- Task objective
Each line below from the line with "Putetrekk med romantiske" to the line with "Bluza dresowa z" must be copied exactly, including those two, and no picture may appear in the copy.
(Input data Opens)
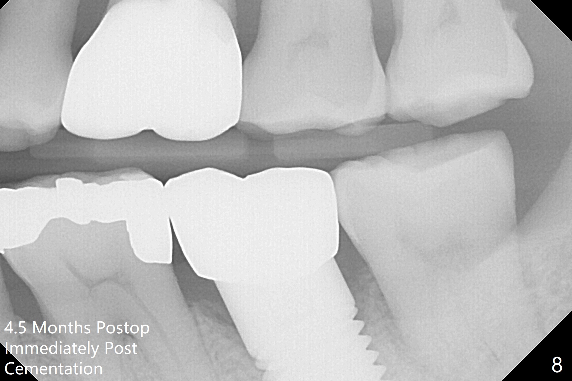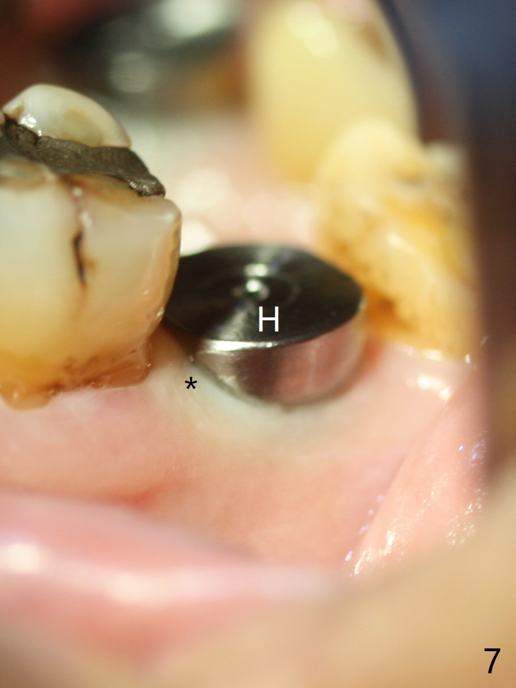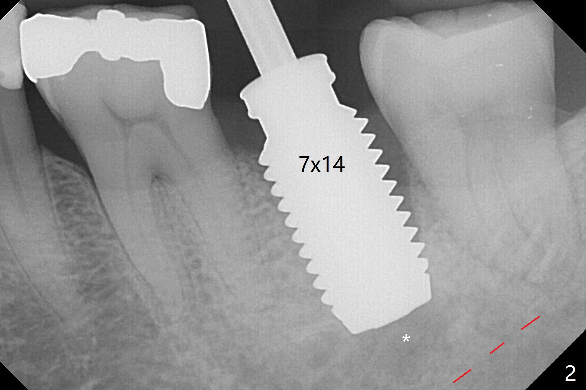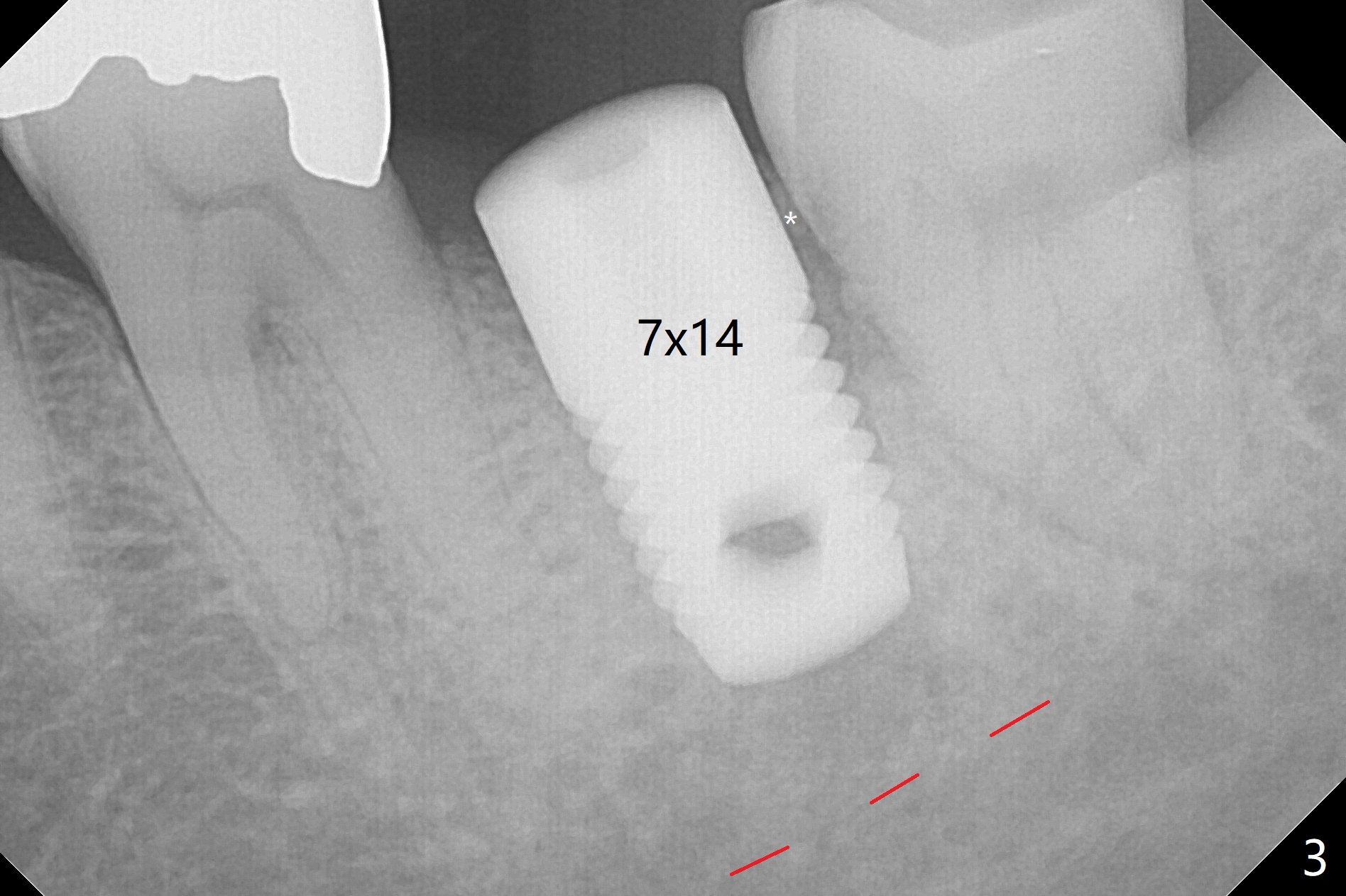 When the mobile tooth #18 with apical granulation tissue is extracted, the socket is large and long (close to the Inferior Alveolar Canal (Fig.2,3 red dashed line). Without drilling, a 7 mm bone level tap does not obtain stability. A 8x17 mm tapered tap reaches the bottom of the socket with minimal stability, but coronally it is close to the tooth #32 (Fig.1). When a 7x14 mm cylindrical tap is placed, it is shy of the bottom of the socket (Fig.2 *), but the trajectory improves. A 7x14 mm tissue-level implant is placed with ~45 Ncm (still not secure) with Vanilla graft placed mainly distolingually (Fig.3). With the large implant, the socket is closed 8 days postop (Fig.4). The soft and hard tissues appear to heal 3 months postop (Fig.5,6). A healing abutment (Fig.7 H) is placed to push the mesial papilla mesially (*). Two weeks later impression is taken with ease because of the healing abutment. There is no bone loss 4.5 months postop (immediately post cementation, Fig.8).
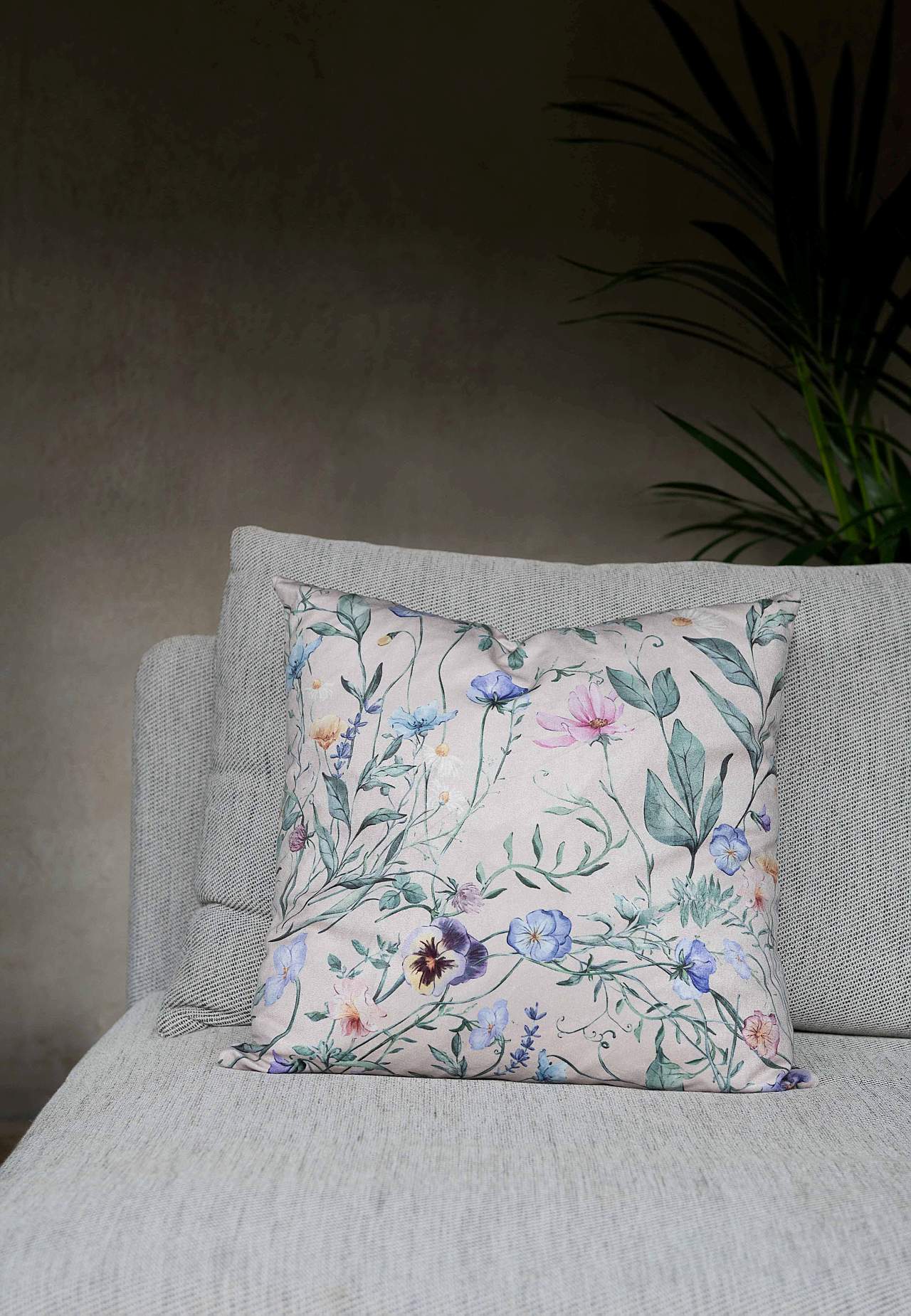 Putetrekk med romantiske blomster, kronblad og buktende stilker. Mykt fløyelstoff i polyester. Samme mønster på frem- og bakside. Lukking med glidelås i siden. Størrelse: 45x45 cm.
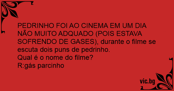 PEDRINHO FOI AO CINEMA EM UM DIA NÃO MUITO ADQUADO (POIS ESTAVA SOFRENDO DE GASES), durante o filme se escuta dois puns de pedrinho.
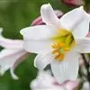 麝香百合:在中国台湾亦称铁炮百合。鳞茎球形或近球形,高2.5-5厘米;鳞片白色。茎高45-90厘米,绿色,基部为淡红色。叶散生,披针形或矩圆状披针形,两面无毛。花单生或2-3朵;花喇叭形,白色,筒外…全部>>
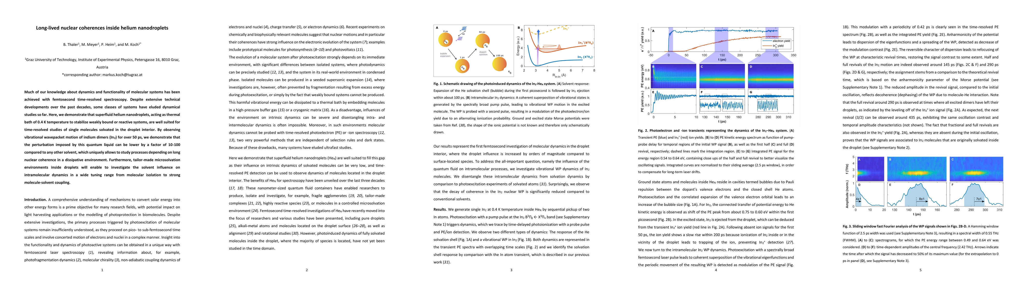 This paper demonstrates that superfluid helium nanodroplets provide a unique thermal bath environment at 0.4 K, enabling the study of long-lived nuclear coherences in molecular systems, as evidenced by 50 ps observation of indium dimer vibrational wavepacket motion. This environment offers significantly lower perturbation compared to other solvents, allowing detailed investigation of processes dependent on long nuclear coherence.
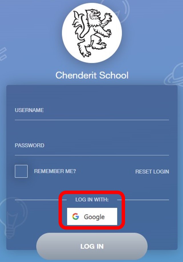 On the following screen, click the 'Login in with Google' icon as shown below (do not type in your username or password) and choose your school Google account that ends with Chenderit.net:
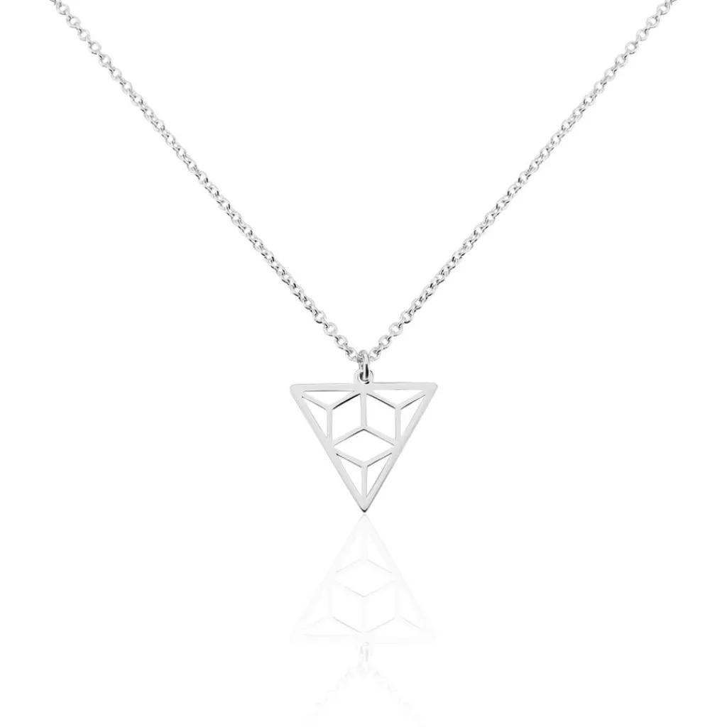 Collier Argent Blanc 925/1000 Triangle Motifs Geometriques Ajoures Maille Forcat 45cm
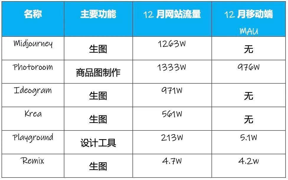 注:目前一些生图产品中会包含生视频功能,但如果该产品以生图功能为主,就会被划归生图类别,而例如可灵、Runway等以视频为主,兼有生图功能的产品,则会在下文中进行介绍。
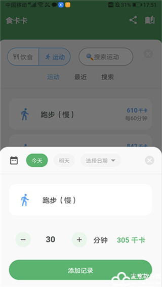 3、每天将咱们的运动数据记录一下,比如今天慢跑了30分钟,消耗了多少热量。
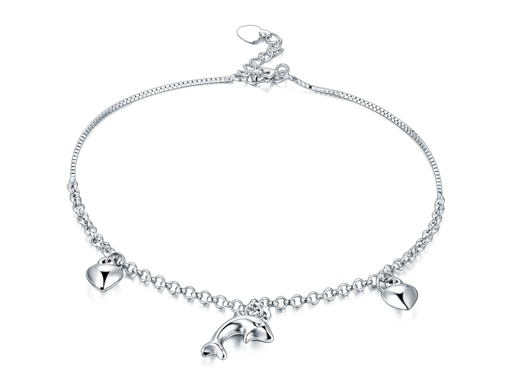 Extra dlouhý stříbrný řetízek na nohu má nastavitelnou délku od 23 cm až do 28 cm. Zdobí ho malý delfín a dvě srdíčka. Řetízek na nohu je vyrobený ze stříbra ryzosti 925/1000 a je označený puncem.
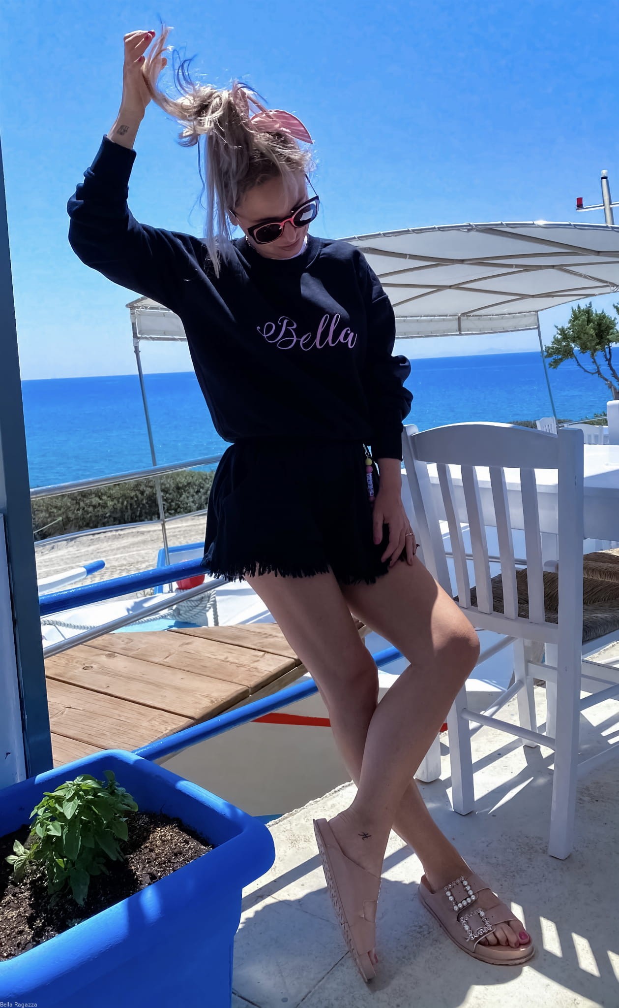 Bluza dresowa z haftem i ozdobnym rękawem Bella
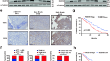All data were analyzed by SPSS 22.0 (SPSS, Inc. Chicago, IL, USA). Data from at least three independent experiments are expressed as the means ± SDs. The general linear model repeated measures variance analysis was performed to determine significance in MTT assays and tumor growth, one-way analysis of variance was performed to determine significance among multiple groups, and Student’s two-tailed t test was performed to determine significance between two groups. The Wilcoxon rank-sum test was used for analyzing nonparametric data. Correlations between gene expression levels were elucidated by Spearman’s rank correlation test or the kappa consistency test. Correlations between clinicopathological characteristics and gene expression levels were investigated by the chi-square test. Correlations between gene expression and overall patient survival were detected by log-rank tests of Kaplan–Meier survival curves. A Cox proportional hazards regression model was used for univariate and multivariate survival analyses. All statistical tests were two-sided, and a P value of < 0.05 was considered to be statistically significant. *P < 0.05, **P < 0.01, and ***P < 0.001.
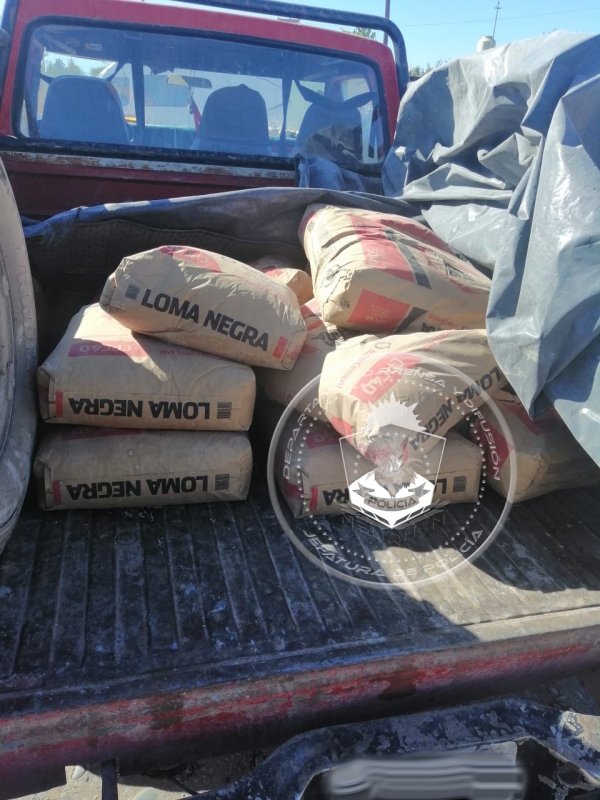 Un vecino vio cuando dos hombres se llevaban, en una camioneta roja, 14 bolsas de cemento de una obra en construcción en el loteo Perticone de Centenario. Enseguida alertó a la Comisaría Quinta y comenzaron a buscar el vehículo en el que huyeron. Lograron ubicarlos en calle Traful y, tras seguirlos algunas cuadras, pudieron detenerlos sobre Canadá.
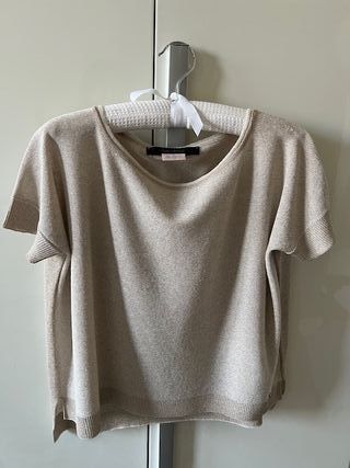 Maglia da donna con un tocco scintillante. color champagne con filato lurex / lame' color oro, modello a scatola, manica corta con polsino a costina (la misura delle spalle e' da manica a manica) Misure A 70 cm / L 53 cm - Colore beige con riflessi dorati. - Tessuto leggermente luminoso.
(Input data Closes)
- Response to this exercise
 Putetrekk med romantiske blomster, kronblad og buktende stilker. Mykt fløyelstoff i polyester. Samme mønster på frem- og bakside. Lukking med glidelås i siden. Størrelse: 45x45 cm.
 PEDRINHO FOI AO CINEMA EM UM DIA NÃO MUITO ADQUADO (POIS ESTAVA SOFRENDO DE GASES), durante o filme se escuta dois puns de pedrinho.
 麝香百合:在中国台湾亦称铁炮百合。鳞茎球形或近球形,高2.5-5厘米;鳞片白色。茎高45-90厘米,绿色,基部为淡红色。叶散生,披针形或矩圆状披针形,两面无毛。花单生或2-3朵;花喇叭形,白色,筒外…全部>>
 This paper demonstrates that superfluid helium nanodroplets provide a unique thermal bath environment at 0.4 K, enabling the study of long-lived nuclear coherences in molecular systems, as evidenced by 50 ps observation of indium dimer vibrational wavepacket motion. This environment offers significantly lower perturbation compared to other solvents, allowing detailed investigation of processes dependent on long nuclear coherence.
 On the following screen, click the 'Login in with Google' icon as shown below (do not type in your username or password) and choose your school Google account that ends with Chenderit.net:
 Collier Argent Blanc 925/1000 Triangle Motifs Geometriques Ajoures Maille Forcat 45cm
 注:目前一些生图产品中会包含生视频功能,但如果该产品以生图功能为主,就会被划归生图类别,而例如可灵、Runway等以视频为主,兼有生图功能的产品,则会在下文中进行介绍。
 3、每天将咱们的运动数据记录一下,比如今天慢跑了30分钟,消耗了多少热量。
 Extra dlouhý stříbrný řetízek na nohu má nastavitelnou délku od 23 cm až do 28 cm. Zdobí ho malý delfín a dvě srdíčka. Řetízek na nohu je vyrobený ze stříbra ryzosti 925/1000 a je označený puncem.
 Bluza dresowa z haftem i ozdobnym rękawem Bella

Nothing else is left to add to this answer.